The expected answer is the full listing, repeated exactly and free of images.

• [The data]:
——————————

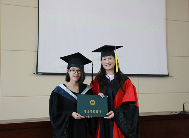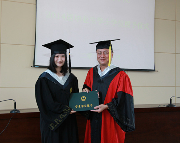 最后,毕业生们身穿学士服,走上前台,学院领导和老师为他们一一拨过学位帽上的流苏,授予学士学位证书并合影留念。
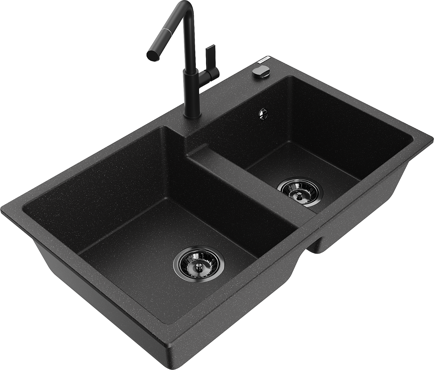 Mexen Tomas granito plautuvė 2-jų skyrių su virtuvės maišytuvu Flora, juodas/sidabrinis metalikas - 6516-73-670401-70-B
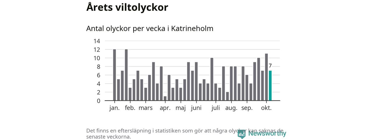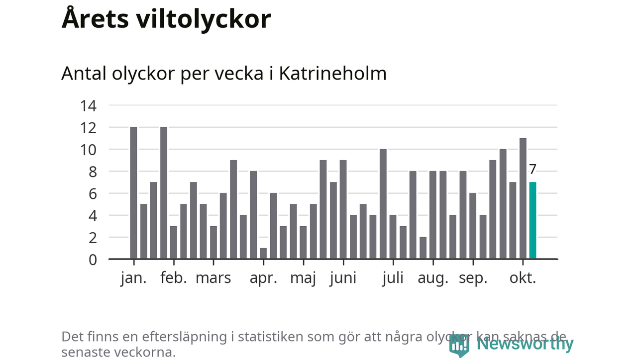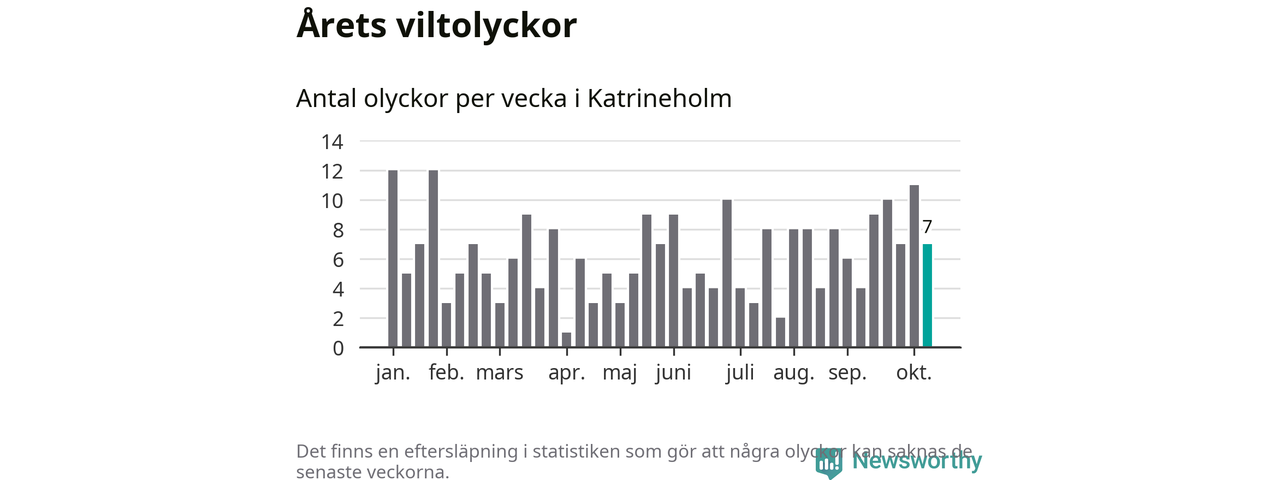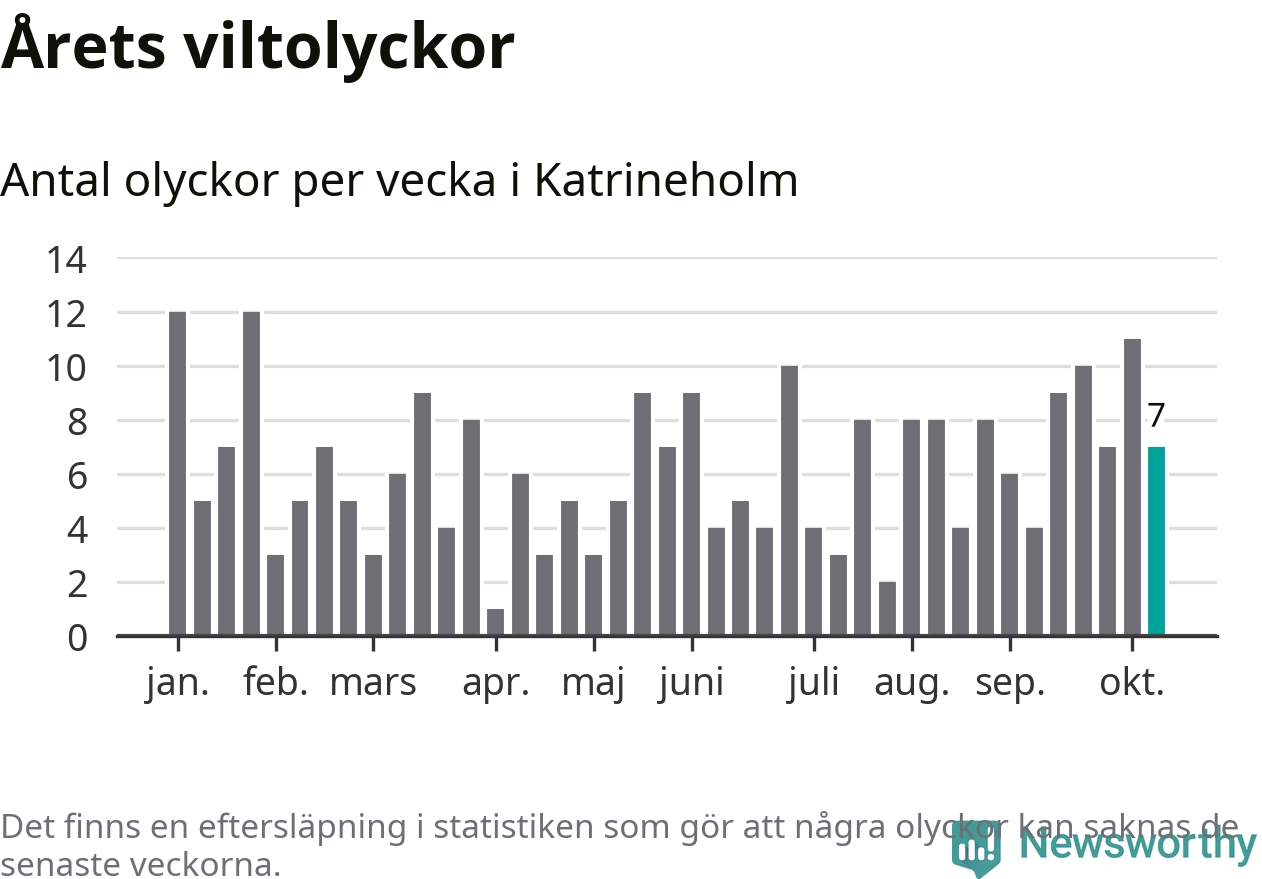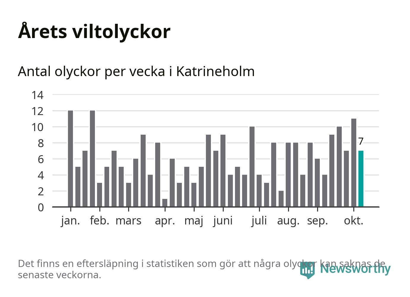 Hittills har sju viltolyckor rapporterats in i Katrineholms kommun från vecka 42. Se listan här.

——————————

• [Your response]:
 最后,毕业生们身穿学士服,走上前台,学院领导和老师为他们一一拨过学位帽上的流苏,授予学士学位证书并合影留念。
 Mexen Tomas granito plautuvė 2-jų skyrių su virtuvės maišytuvu Flora, juodas/sidabrinis metalikas - 6516-73-670401-70-B
 Hittills har sju viltolyckor rapporterats in i Katrineholms kommun från vecka 42. Se listan här.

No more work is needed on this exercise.